- [Assigned task] Only the lines below from the one that contains "ハンチャーハンは紅ショウガとたくあんが付いています。" through the one that contains "2019 թ. ձեռք" should appear in your answer, exact and without pictures.

- [Record excerpts]

━━━━━━━━━━

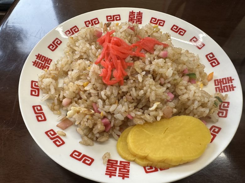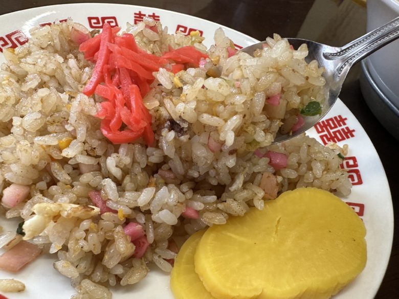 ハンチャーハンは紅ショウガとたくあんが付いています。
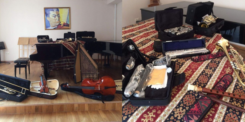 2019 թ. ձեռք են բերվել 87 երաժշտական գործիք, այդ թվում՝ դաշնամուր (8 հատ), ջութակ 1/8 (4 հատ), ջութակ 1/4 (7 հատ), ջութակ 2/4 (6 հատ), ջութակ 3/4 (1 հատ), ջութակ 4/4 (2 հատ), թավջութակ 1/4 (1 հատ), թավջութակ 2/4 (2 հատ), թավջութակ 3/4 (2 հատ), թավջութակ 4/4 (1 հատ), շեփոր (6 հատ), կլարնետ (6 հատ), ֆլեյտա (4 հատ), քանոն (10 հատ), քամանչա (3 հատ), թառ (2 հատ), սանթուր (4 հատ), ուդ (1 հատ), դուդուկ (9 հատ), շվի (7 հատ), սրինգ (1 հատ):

━━━━━━━━━━

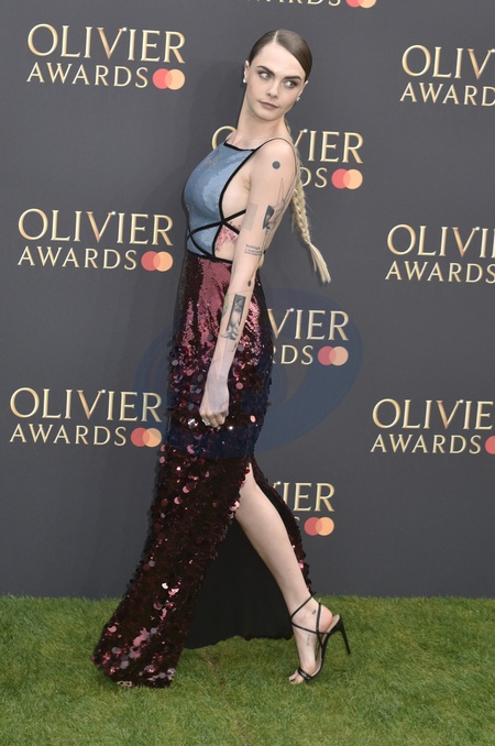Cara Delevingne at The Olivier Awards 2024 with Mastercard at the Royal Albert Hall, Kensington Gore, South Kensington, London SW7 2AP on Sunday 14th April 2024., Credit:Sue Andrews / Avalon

━━━━━━━━━━

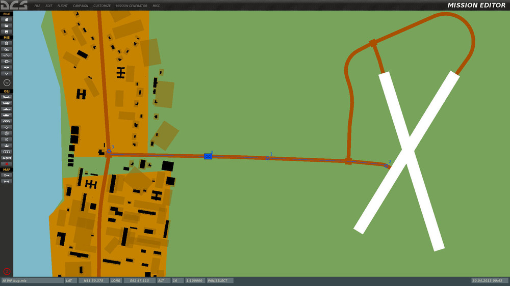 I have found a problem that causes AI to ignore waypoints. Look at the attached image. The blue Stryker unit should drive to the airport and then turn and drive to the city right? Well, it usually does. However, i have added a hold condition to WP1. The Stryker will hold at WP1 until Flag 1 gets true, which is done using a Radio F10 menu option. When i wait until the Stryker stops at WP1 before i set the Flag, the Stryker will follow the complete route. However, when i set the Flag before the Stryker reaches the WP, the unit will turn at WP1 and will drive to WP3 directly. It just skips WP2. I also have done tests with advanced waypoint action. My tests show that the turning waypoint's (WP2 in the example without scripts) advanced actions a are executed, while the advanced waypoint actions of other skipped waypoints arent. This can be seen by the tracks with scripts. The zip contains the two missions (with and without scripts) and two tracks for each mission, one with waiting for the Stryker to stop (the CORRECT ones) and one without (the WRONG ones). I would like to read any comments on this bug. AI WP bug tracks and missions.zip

━━━━━━━━━━

- [Response area]
 ハンチャーハンは紅ショウガとたくあんが付いています。
 2019 թ. ձեռք են բերվել 87 երաժշտական գործիք, այդ թվում՝ դաշնամուր (8 հատ), ջութակ 1/8 (4 հատ), ջութակ 1/4 (7 հատ), ջութակ 2/4 (6 հատ), ջութակ 3/4 (1 հատ), ջութակ 4/4 (2 հատ), թավջութակ 1/4 (1 հատ), թավջութակ 2/4 (2 հատ), թավջութակ 3/4 (2 հատ), թավջութակ 4/4 (1 հատ), շեփոր (6 հատ), կլարնետ (6 հատ), ֆլեյտա (4 հատ), քանոն (10 հատ), քամանչա (3 հատ), թառ (2 հատ), սանթուր (4 հատ), ուդ (1 հատ), դուդուկ (9 հատ), շվի (7 հատ), սրինգ (1 հատ):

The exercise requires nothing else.